** Directions **
The output must consist only of the lines from the one with "2024年8月26日,202" through the end of the listing, restated exactly and free of pictures.

** Data section **
========================================

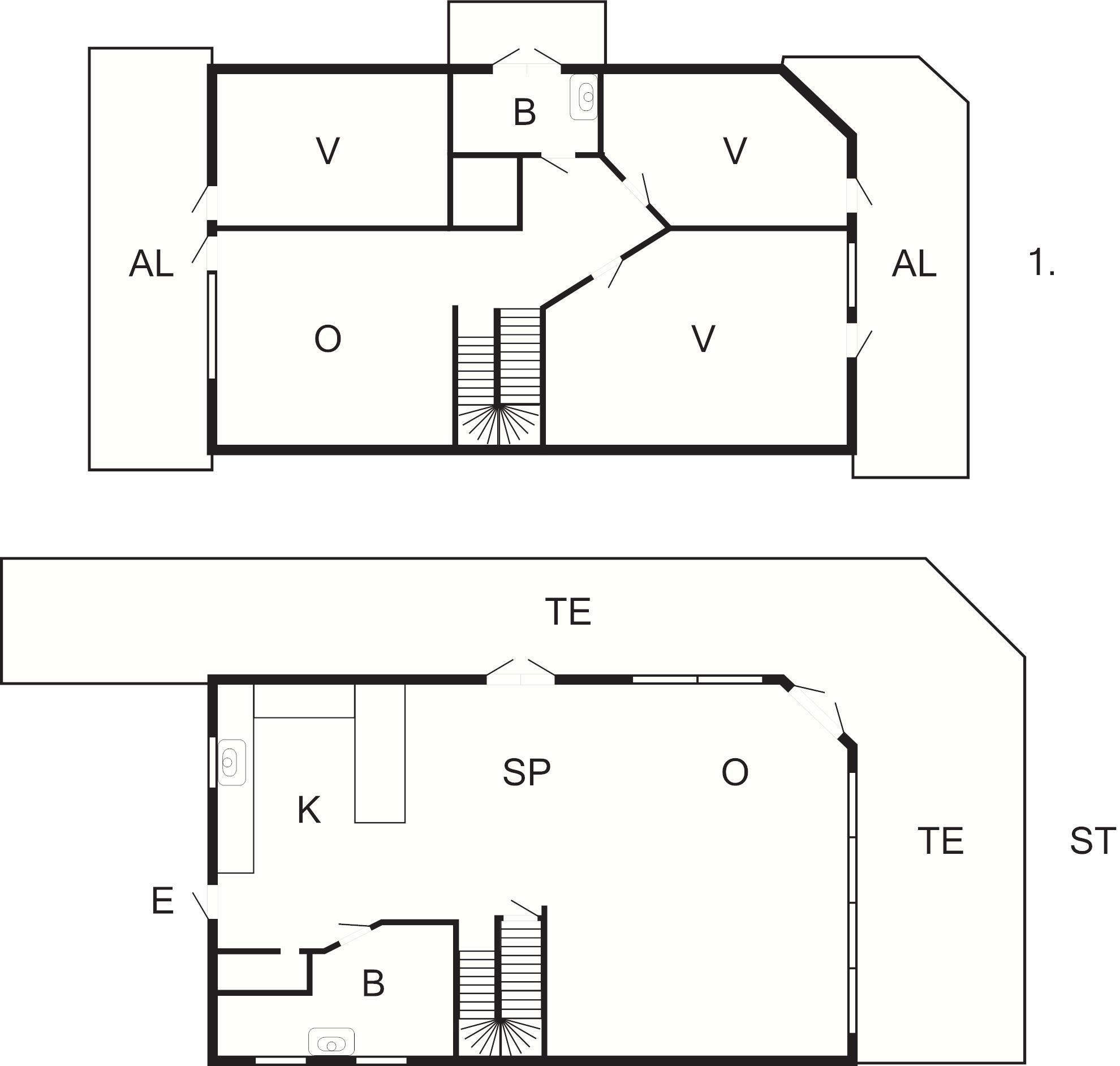 Via entrén kommer ni in i en välkomnande öppen planlösning med köksdel med induktionshäll, ugn, kyl/frys, mikro, kaffebryggare och diskmaskin, matsalsmöbel, vardagsrumsdel med stor skön soffgrupp och en värmande braskamin samt ett WC med tvättmaskin. Från vardagsrummet finns flera altandörrar ut på stugans altanområde varav en del är under tak. Härliga platser för solning och för mysiga grillstunder där ni diskuterar dagens äventyr eller planerar för nya. En trappa leder upp till stugans andra våning med två sovrum, ett med en dubbelsäng och ett med en våningssäng, ett litet vardagsrum perfekt för en stunds vila eller en god bok samt ett badrum med dusch. Från vardagsrum, sovrum samt badrum leder dörrar ut på balkonger där ni kan njuta av de fina omgivningarna med alla båtarna vid bryggor och sjöbodar eller de som passerar revy i sundet utanför.
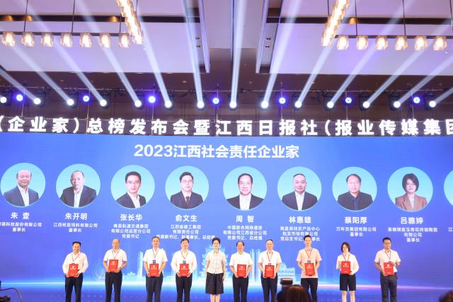 2024年8月26日,2023社会责任企业(企业家)总榜发布暨江西日报社(报业传媒集团)ESG研究院揭牌仪式召开。江西省政协副主席、省工商联主席谢茹出席大会并为2023江西社会责任企业家颁奖。
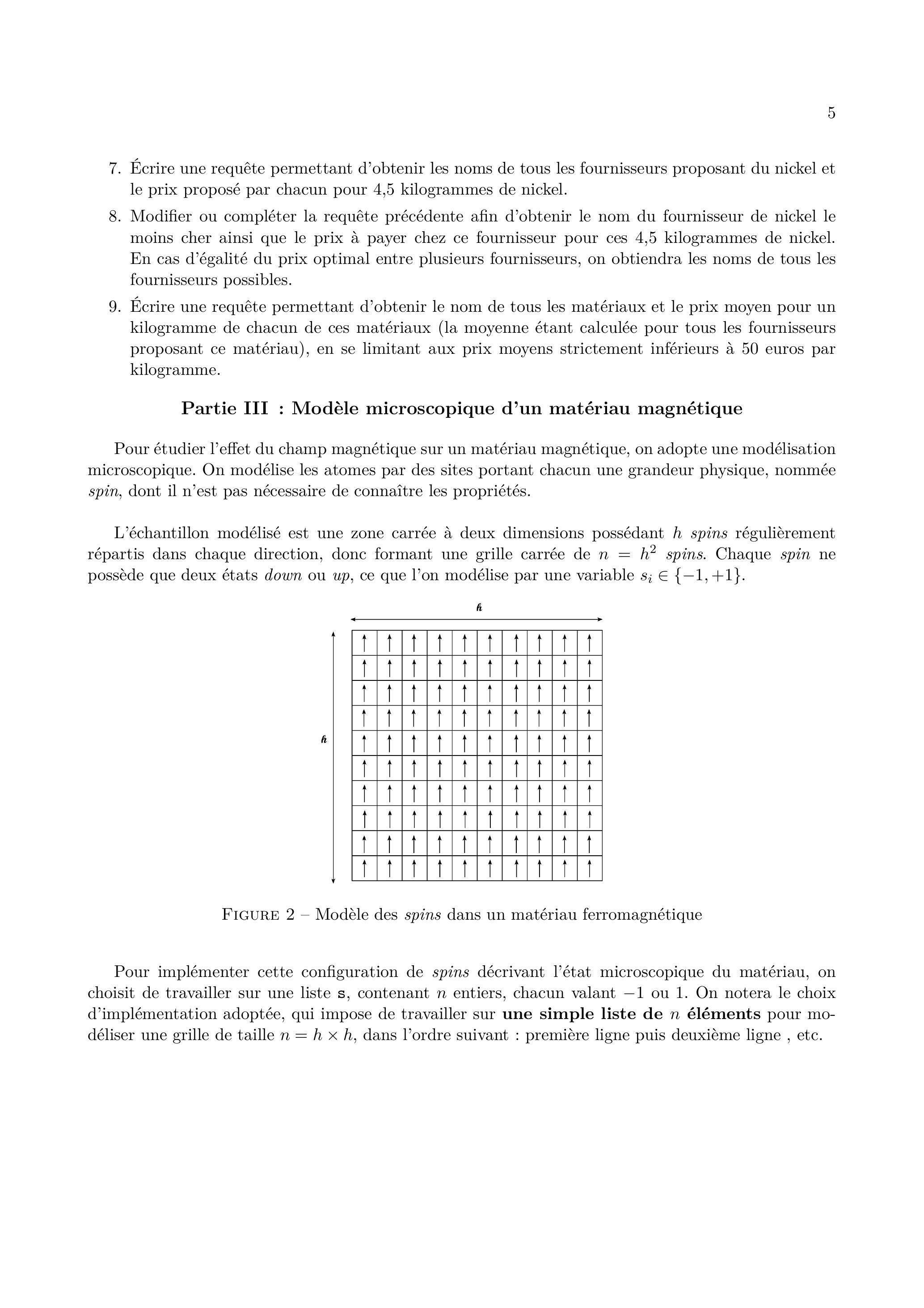 Pour implémenter cette configuration de spins décrivant l'état microscopique du matériau, on choisit de travailler sur une liste , contenant entiers, chacun valant -1 ou 1 . On notera le choix d'implémentation adoptée, qui impose de travailler sur une simple liste de éléments pour modéliser une grille de taille , dans l'ordre suivant : première ligne puis deuxième ligne, etc.
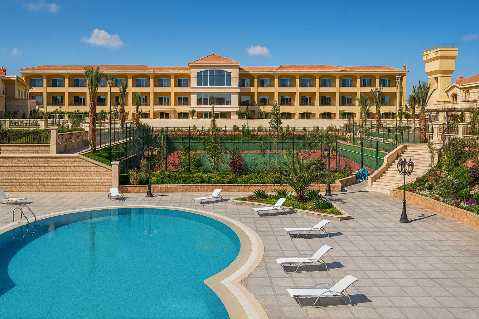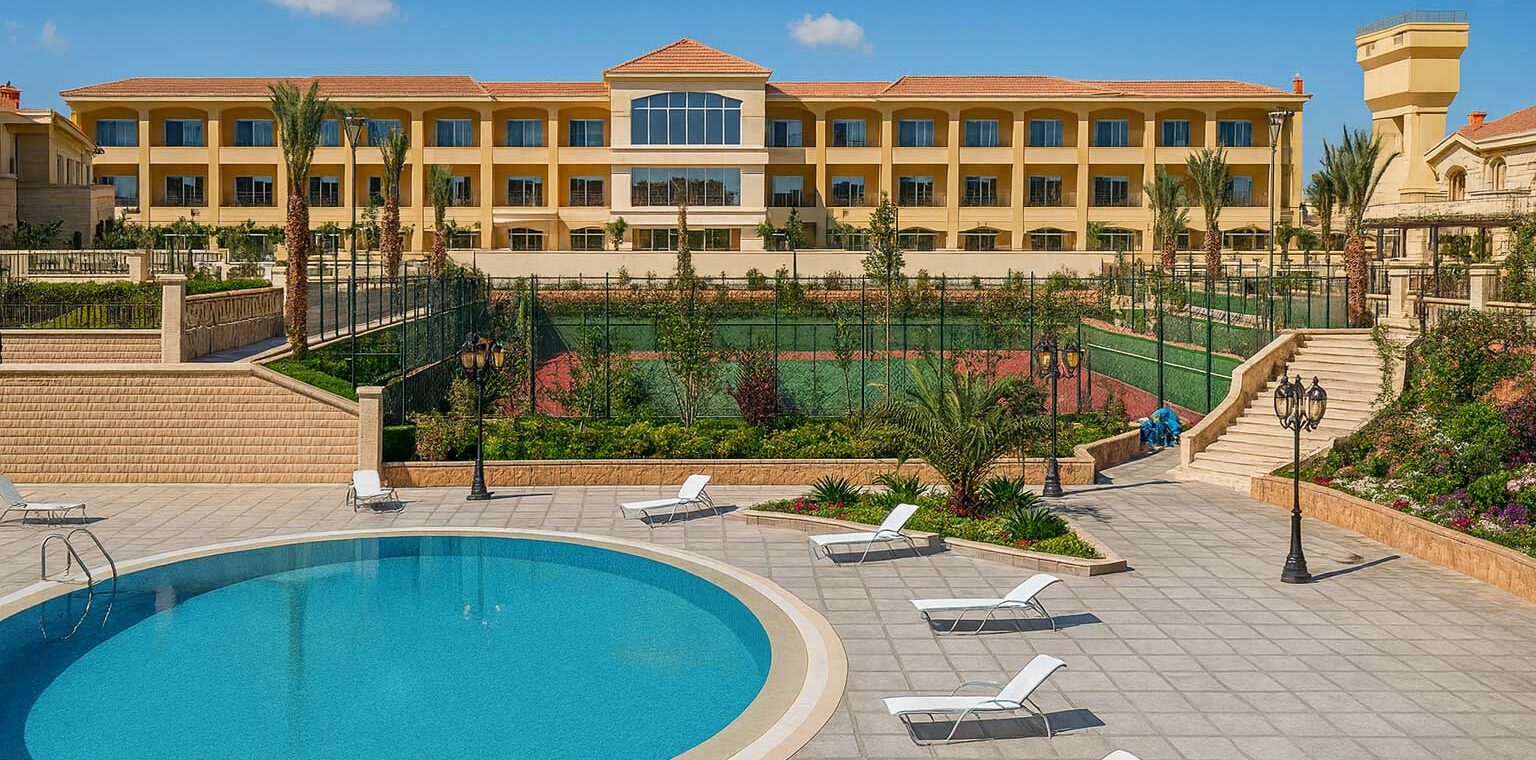 Palm Village Resort is a high-end residential resort composed of standalone villas set within a terraced landscape. This villa is positioned on an elevated platform, giving wide panoramic views over the surrounding gardens and internal roads. The architecture combines warm stone cladding, pitched tiled roofs, and large horizontal windows to create bright interior spaces with strong visual connection to the outdoors. The split-level arrangement allows direct access from the main living floor to generous terraces, while a lower garden level accommodates recreation or guest spaces with independent entry.

========================================

** Worked solution **
 2024年8月26日,2023社会责任企业(企业家)总榜发布暨江西日报社(报业传媒集团)ESG研究院揭牌仪式召开。江西省政协副主席、省工商联主席谢茹出席大会并为2023江西社会责任企业家颁奖。
 Pour implémenter cette configuration de spins décrivant l'état microscopique du matériau, on choisit de travailler sur une liste , contenant entiers, chacun valant -1 ou 1 . On notera le choix d'implémentation adoptée, qui impose de travailler sur une simple liste de éléments pour modéliser une grille de taille , dans l'ordre suivant : première ligne puis deuxième ligne, etc.
 Palm Village Resort is a high-end residential resort composed of standalone villas set within a terraced landscape. This villa is positioned on an elevated platform, giving wide panoramic views over the surrounding gardens and internal roads. The architecture combines warm stone cladding, pitched tiled roofs, and large horizontal windows to create bright interior spaces with strong visual connection to the outdoors. The split-level arrangement allows direct access from the main living floor to generous terraces, while a lower garden level accommodates recreation or guest spaces with independent entry.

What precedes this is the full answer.